Required action: Your output must be the lines below from the line containing "うれしいのが店頭試乗車を常時" to the line containing "Upgrade je outfits", both lines included, reproduced exactly and without pictures.

Information provided:

----------

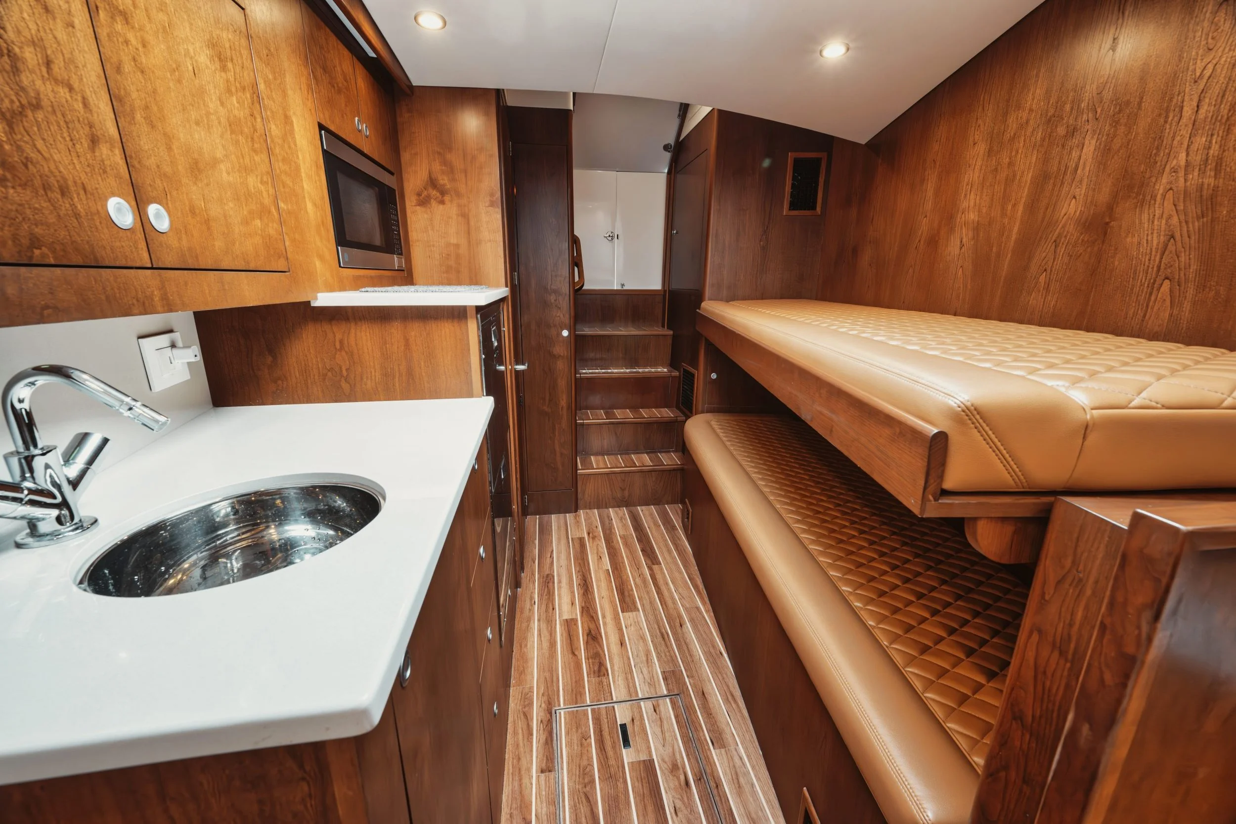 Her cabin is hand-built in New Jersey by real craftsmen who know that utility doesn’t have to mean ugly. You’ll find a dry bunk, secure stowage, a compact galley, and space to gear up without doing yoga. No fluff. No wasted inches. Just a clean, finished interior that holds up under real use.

----------

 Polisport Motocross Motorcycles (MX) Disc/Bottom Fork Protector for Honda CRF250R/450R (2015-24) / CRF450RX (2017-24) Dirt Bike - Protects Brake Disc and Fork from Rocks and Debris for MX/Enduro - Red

----------

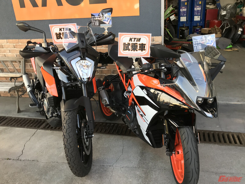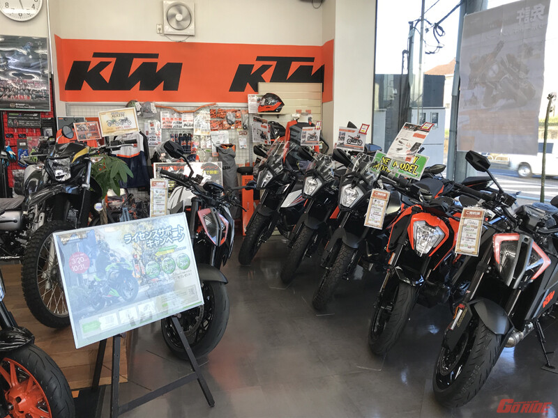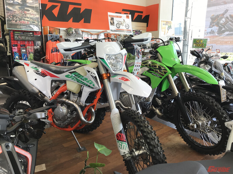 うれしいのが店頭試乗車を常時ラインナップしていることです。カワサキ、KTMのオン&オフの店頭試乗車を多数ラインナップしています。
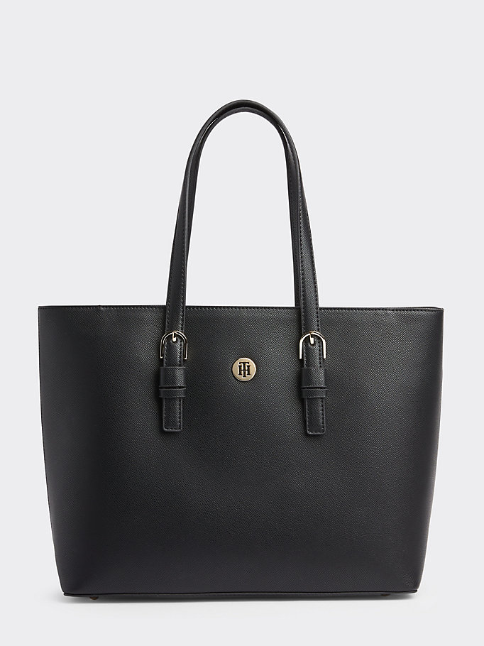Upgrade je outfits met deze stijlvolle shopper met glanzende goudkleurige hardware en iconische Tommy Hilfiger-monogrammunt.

----------

Solution to the exercise:
 うれしいのが店頭試乗車を常時ラインナップしていることです。カワサキ、KTMのオン&オフの店頭試乗車を多数ラインナップしています。
Upgrade je outfits met deze stijlvolle shopper met glanzende goudkleurige hardware en iconische Tommy Hilfiger-monogrammunt.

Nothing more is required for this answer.